The Men Aboard the Sleeping Car

By Lise Funderburg

Newsday
August 8, 2004

RISING FROM THE RAILS: Pullman Porters and the Making of the Black Middle Class, by Larry Tye. Holt, 314 pp., $26.

Before automobiles and airplanes became America’s preferred transportation modes, Pullman railroad cars were the essence of luxury and speed. Named after their inventor, George Pullman, the cars debuted in the 1860s and were outfitted with crisp linens, bathrooms, adjacent dining cars and, most important, sharply uniformed male attendants trained to heed passengers’ every beck and call.

Those attendants were called Pullman porters, and their ranks were originally comprised of black men – more specifically, dark-skinned men from the South who Pullman knew would work for lesser wages than more employable light-skinned blacks and who would be unmistakably “other,” never to be confused with the white passengers.

This detail of Pullman’s hiring practices is one of numerous compelling facts and quirks chronicled by journalist Larry Tye in his solid history of the Pullman porter, “Rising From the Rails: Pullman Porters and the Making of the Black Middle Class.”

Tye gathered interviews from the swiftly diminishing ranks of porter retirees and offspring. He drew from Pullman company archives, mainstream and black-run newspapers, court records and broader historical accounts spanning from the Pullman cars’ inception to their demise in 1969, nearly 100 years later.

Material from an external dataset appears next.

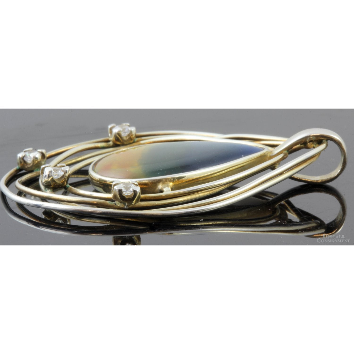 Ammolite Triplet & White Sapphire Sterling Silver Pendant
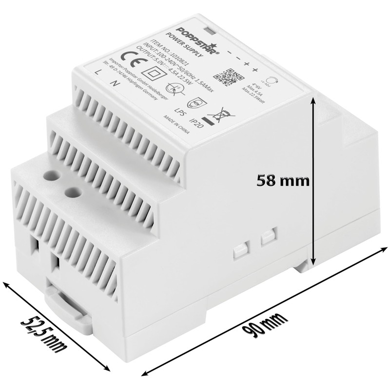 - Delivery: Din-Rail top-hat rail power supply unit with DC OK indicator light (52.5 x 90 x 58 mm, output: 5V 4.5 A; power: 22.5 watts)

Tye’s portrait of the porter is rich, particularly as he details the terrific constraints put on the men by their employer, including the rule book they were expected not only to memorize and follow, but also to have on hand at all tunes – even those who couldn’t read.

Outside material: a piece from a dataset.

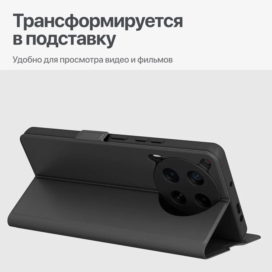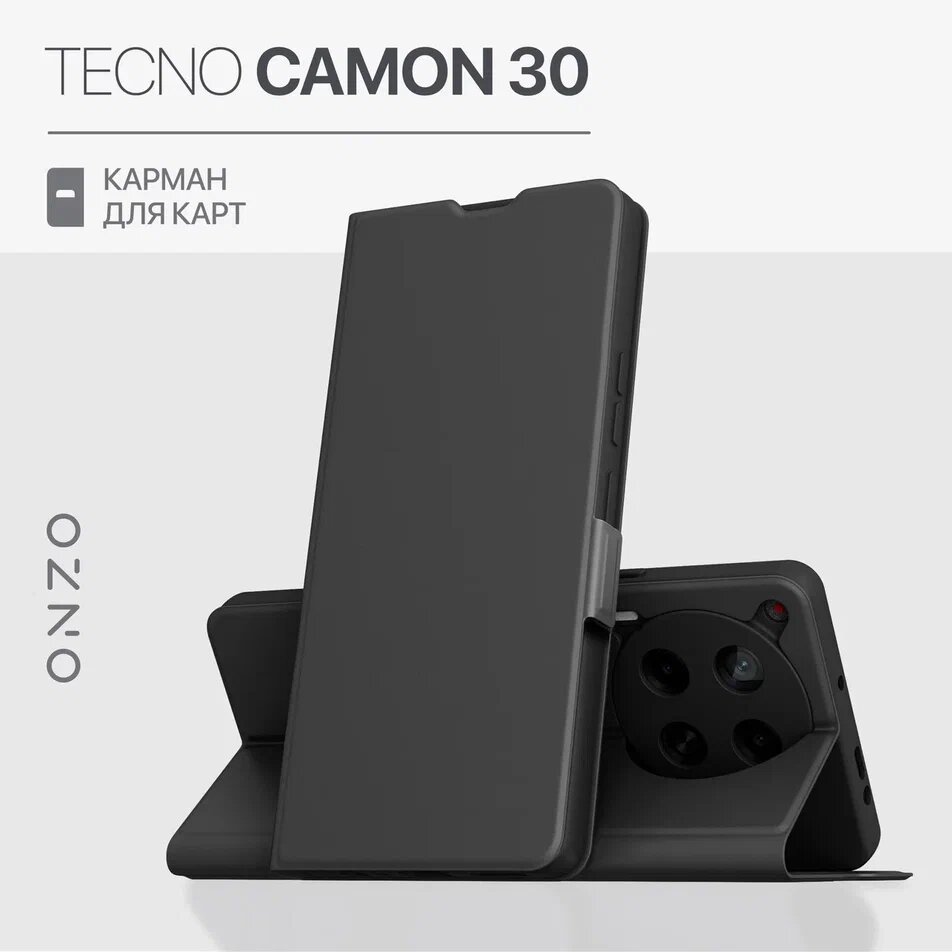 Чехол на Tecno Camon 30 / Техно Камон 30 книжка с функцией подставки и с карманом, черный интересное:

Interviewees testify to the subjugating treatment and verbal abuses they were expected to withstand from customers. Company spies monitored the porters, posing as customers aboard the trains and welfare workers off, visiting porters’ homes and interviewing their spouses.

The work was grueling – porters went for days without being allowed to sleep and were expected to take on extra runs at lower rates of pay – but there were advantages that distinguished the porter’s life from that of most other African-Americans. The pay was relatively better than most employment available to blacks, and the job offered exposure to new worlds.

The men traveled from city to country, coast to coast, and Canada to Mexico. They became disseminators of news and culture to other African-Americans, picking up and passing along black and white newspapers and also collecting the latest recordings of jazz or swing music and often reselling it (as well as liquor during Prohibition) at their next stop.

At their peak in the 1920s, porters numbered just over 12,000 men, but Tye argues that their effect on their community reached much further. He lists those porters and dining car waiters who went on to fame, including civil rights leader E.D. Nixon, filmmaker Oscar Micheaux, poet Claude McKay, North Pole co-discoverer Matthew Henson and photographer and “Shaft” director Gordon Parks.

Where Tye’s book falters is in realizing its promise to show how porters were at the core of forming the country’s black middle class. That claim remains only anecdotally supported; in fact, the author more convincingly documents their causal role in the rise of the black labor movement once he introduces A. Philip Randolph, the man who would lead the porters’ union as well as the historic 1963 March on Washington.

Though Randolph himself never worked on the railroad, Tye points out in an extended biographical passage, the bookish preacher’s son took on the porters’ cause with passion, eventually earning the honorific “Chief” from members of the Brotherhood of Sleeping Car Porters (BSCP) and “Mr. Black Labor” from news reporters.

The BSCP struggled. White unions shut them out, and George Pullman had staunchly opposed unionization or fair wages and working conditions for his black workers, as did his successor (who was, ironically, Abraham Lincoln’s son Robert Todd).

The company challenged all union activity, hiring replacement porters and dismissing those seen as union supporters. Filipino immigrants were introduced as porters in 1925, Tye writes, “two months after the Brotherhood was unveiled.”

“The Filipinos ‘not only made a natty appearance but scored a decided hit,’ the company’s Pullman News announced. It might also have added that these young, single Asian men shared many of the attributes that initially made Negroes so attractive to Pullman: a reputation for service, few job choices and a willingness to do whatever the company asked.” Randolph and the BSCP eventually won a place at the bargaining table, although well after the Pullman company had begun to decline.

Tye’s book is a valuable window into a long-underreported dimension of African-American history, and if the book falls short of fully demonstrating that the porter played the leading role in forming a black middle class in this country, he still clearly played a leading role.

Lise Funderburg’s grandfather worked his way through medical school as a Pullman Porter.